小説全体の世界観を表すのと、日常世界からふと違う世界に引き込むきっかけとしての意外な表現。たぶんマルケスがカフカ「変身」から見出だした技量がここに見られる。
これは「エバは猫の中に」という短編の書き出し…これはまだ読んでいる途中…

その前の「三度目の諦め」というのが、マルケスの処女作。さっきも挙げた「変身」読んだ衝撃でこれを一気に書き上げた(20歳くらいの頃)。というわけで比べて(みなくてもいいけど)みると、どちらも内容も謎がいろいろ残る点では共通するけど、「変身」は起きている事態はかなり異常だけど家族の心情面ではなんとなく入り込め、「三度目の諦め」では事態はまだひょっとしたらと納得できるところもあるけど、家族の心情は入り込めない…そんな対比かな。
(2015 02/06)

「エバは猫の中に」


確か…金曜日に読んだ「エバは猫の中に」。これが二番目の作品というのが驚くくらい幻想的な居座りの悪い(笑)作品。前の「三度目の諦め」もそうだったけど、死んだのか生きてるのか読んでいるこっちがわからなく漂っている感じ。
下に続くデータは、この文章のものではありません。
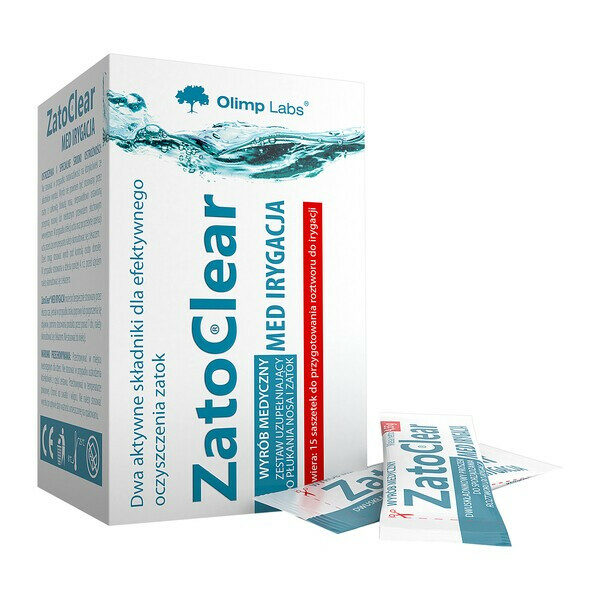 ZatoClear Med IrygacjaWyrób medyczny do irygacji nosa i zatok.Produkt do sporządzania roztworu chlorku sodu (soli) i ksylitolu. Dzięki aplikacji za pomocą specjalnej butelki (która nie wchodzi w skład zestawu uzupełniającego, można ją nabyć z zestawem startowym ZatoClear Med Irygacja), roztwór delikatnie i dokładnie przemywa jamę nosową i zatoki. Dodatek ksylitolu sprawia, że roztwór ma dodatkowo właściwości nawilżające błonę śluzową nosa. Płukanie roztworem ZatoClear Med pozwala wymyć z jamy nosowej zanieczyszczenia, alergeny i zalegającą wydzielinęPOJEMNOŚĆ: 15 saszetekDZIAŁANIE:Wyrób medyczny ZatoClear Med. Irygacja jest pomocny w szczególnie w przypadku ostrych i przewlekłych stanów zapalnych zatok przynosowych, alergicznego lub infekcyjnego nieżytu nosa, przed i po zabiegach chirurgicznych nosa i zatok, w okresie zwiększonej ekspozycji na pyły zawieszone w powietrzu (smog) lub miejscu pracy, a także w celu utrzymania prawidłowej higieny nosa i zatok przynosowych.DAWKOWANIE:Irygację należy wykonać za pomocą specjalnej butelki dołączonej do zestawu startowego ZatoClear Med Irygacja.Przed pierwszym użyciem opłucz wszystkie elementy butelki ciepłą wodą. Umyj i osusz ręce.Wsyp do butelki zawartość jednej saszetki ZatoClear Med. Irygacja i uzupełnij przegotowaną wodą (o temperaturze ciała) do poziomu zaznaczonej linii.Dokładnie zakręć butelkę, zakryj palcem otwór w nakrętce i kilkakrotnie wstrząśnij butelką do całkowitego rozpuszczenia substancji.Stań nad umywalką w lekko pochylonej pozycji. Przyłóż końcówkę butelki do jednego z otworów nosowych.Płynnym ruchem ściśnij butelkę tak, by roztwór dostał się do jamy nosowej. Przez cały czas irygacji spokojnie oddychaj przez usta. Roztwór wypłynie drugim otworem nosowym.Powtórz czynność dla pozostałej części roztworu, przykładając butelkę do drugiego otworu nosowego.Po zakończeniu irygacji delikatnie wydmuchaj nos.Pozostałą, niewykorzystaną część roztworu wylej. Wszystkie elementy butelki opłucz i osusz przed odłożeniem do przechowywania.Płukanie należy przeprowadzić 1-2 razy dziennie lub wg zaleceń lekarza. Jedna saszetka ZatoClear Med Irygacja w połączeniu z ok. 240 ml wody tworzy gotowy roztwór do płukania nosa i zatok.Nie należy wykonywać płukania nieprzegotowaną wodą z kranu oraz gorącą lub zimną wodą. Zalecane jest przygotowanie świeżego roztworu każdorazowo bezpośrednio przed wykonaniem irygacji. Nie stosować do iniekcji. Nie należy połykać roztworu. Z butelki do irygacji nie powinna korzystać więcej niż jedna osoba, ponieważ może się to przyczyniać do rozprzestrzeniania infekcji. Ze względów higienicznych zaleca się wymianę butelki po 2-3 miesiącach używania. Irygacje można przeprowadzać najpóźniej godzinę przed snem lub przed wyjściem na zewnątrz (przy temperaturze poniżej 19°C).SKŁAD:Ksylitol, chlorek sodu Ph.Eur.OSTRZEŻENIA:Wyrób może być bezpiecznie stosowany podczas ciąży oraz w trakcie karmienia piersią.Przed użyciem zapoznaj się z treścią ulotki dołączonej do opakowania bądź skonsultuj się z lekarzem lub farmaceutą, gdyż każdy preparat niewłaściwie stosowany zagraża Twojemu życiu lub zdrowiu.

ラストは「百年の孤独」を思い出させる…というか、先取り?
こういう死と生を巡る幻想というテーマは、いかにも日本人作家好きそうなものなんだけど、どうだろう、技巧とスケールかな…
(2015 02/09)

兄弟と虫、その他


マルケス初期短編集から昨日は「死の向こう側」と「三人の夢遊病者の苦しみ」、「鏡の対話」という3編を。先の2編に比べても短め。テーマは相変わらず?死なのかな、という感じだけど、サブキーワードとして標題にも挙げたようなものを。
兄弟あるいは姉妹は、「エバは猫の中に」と、「死の向こう側」と「鏡の対話」に。
虫というか身体に入り込んでそれを融解していく病または何かの液体?はいろいろなところに現れる。
一方、昨日読んだ2番目はそういう親族があの屋敷の中にいたような…

この頃のマルケスは「生きて、語り伝える」で見る限り精力的に活動していてあんまり死とは接点ないような気がするのだが、やはり子供の頃のあの屋敷と聞かされた話に源泉はあるのだろう。
(2015 02/10)

アメリカ作家の影響と隣り合う別の世界


「落葉ーマルケス初期短編集」一昨日、昨日で5編ほど。マルケス自身が後にこの時期の作品を「文体練習」のようだ、と言っているように、実に様々な作風がある。
馬に蹴られた住み込みの黒人の少年を閉じこめる「ナボ」はフォークナーの世界だし、「六時に来た女」はヘミングウェイから影響受けているし。初期短編集の標題ともなった「青い目の犬」はその両方の世界の融合を狙ったのか。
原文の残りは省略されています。